Le gouvernement israélien a adopté ce dimanche 28 juin une résolution reconnaissant le génocide arménien, mettant fin à des décennies de prudence diplomatique sur ce dossier sensible. La décision, prise à l'unanimité des ministres, officialise une position longtemps évitée par les gouvernements successifs de l'État hébreu.
Une décision présentée comme un devoir moral
À l'origine de cette initiative, le ministre des Affaires étrangères Gideon Saar a défendu la reconnaissance comme « un devoir moral et un devoir historique ». Dans un communiqué, il a précisé qu'il ne s'agissait pas « d'un acte de représailles face à l'hostilité ouverte, ainsi qu'à la terrible rhétorique et aux actes hostiles de la Turquie, sous la direction d'Erdogan, à l'encontre d'Israël ». Cette déclaration vise à dissiper l'idée que la décision serait motivée par les seules tensions bilatérales.
Un changement de cap diplomatique
Jusqu'à présent, les autorités israéliennes s'étaient abstenues de qualifier les massacres d'Arméniens perpétrés sous l'Empire ottoman pendant la Première Guerre mondiale de génocide. Cette prudence s'expliquait notamment par la volonté de préserver des relations stratégiques avec la Turquie, longtemps considérée comme un allié régional important. Les échanges commerciaux, la coopération en matière de sécurité et les intérêts énergétiques communs avaient jusqu'ici incité Jérusalem à ne pas franchir ce pas.
Cependant, les relations entre les deux pays se sont considérablement dégradées ces dernières années. La Turquie, sous la présidence de Recep Tayyip Erdogan, a multiplié les critiques à l'encontre de l'État hébreu, notamment en raison de la guerre menée dans la bande de Gaza, qu'Ankara qualifie de génocide. Parallèlement, la Turquie a renforcé son soutien au Hamas, contribuant à l'éloignement des deux capitales.
La Turquie, un déni persistant
Ankara continue de rejeter catégoriquement le terme de génocide pour décrire les événements de 1915-1916, invoquant des bilans divergents et une absence d'intention systématique d'extermination de la part des autorités ottomanes. La reconnaissance par Israël constitue donc une provocation directe pour le gouvernement turc, qui pourrait y voir une action délibérée visant à l'isoler diplomatiquement.
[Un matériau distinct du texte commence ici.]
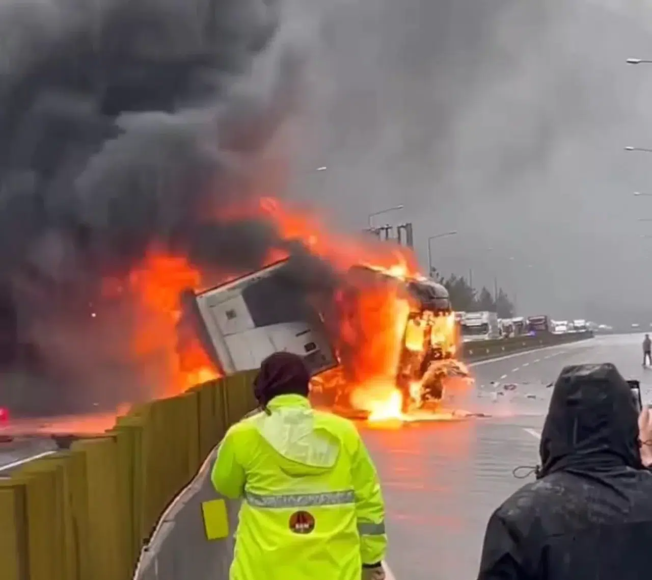 Adana’da Otoyolda Tır Yandı, Otobüsteki Yolcular Tahliye Edildi

Une reconnaissance tardive dans le concert des nations
Avec cette décision, Israël rejoint une liste croissante de pays ayant officiellement reconnu le génocide arménien. Les États-Unis, la France et l'Allemagne figurent parmi les États qui avaient déjà franchi le pas, tandis que le Parlement israélien lui-même avait examiné le sujet à plusieurs reprises sans aboutir à une position officielle de l'exécutif. La résolution adoptée ce dimanche comble ainsi un vide juridique et politique qui durait depuis la création de l'État hébreu.
Un précédent arménien et des réactions attendues
La décision israélienne intervient dans un climat régional déjà complexe. En juin 2024, l'Arménie avait reconnu l'État de Palestine, provoquant une détérioration de ses relations avec Jérusalem. Ce précédent avait été perçu par certains observateurs comme un facteur ayant pu peser sur le calendrier de la reconnaissance israélienne, bien que les responsables aient nié tout lien de cause à effet.
Du côté arménien, une réaction positive est attendue, tandis que les autorités turques devraient exprimer leur désapprobation dans les prochains jours. L'ambassadeur d'Israël à Ankara pourrait être convoqué, et des mesures de rétorsion économique ou diplomatiques ne sont pas exclues.
Un signal fort dans une région en recomposition
Au-delà du dossier historique, cette reconnaissance intervient dans un contexte où les alliances au Proche-Orient et au-delà se redessinent. Alors que les accords d'Abraham avaient ouvert une phase de normalisation entre Israël et plusieurs pays arabes, la Turquie était restée en retrait. La décision israélienne risque de creuser encore le fossé entre les deux pays, tout en renforçant la position internationale de l'Arménie.
Les prochains jours devraient permettre de mesurer l'ampleur des conséquences diplomatiques, mais il est d'ores et déjà certain que cette reconnaissance marque un tournant dans la politique étrangère israélienne et dans ses relations avec Ankara.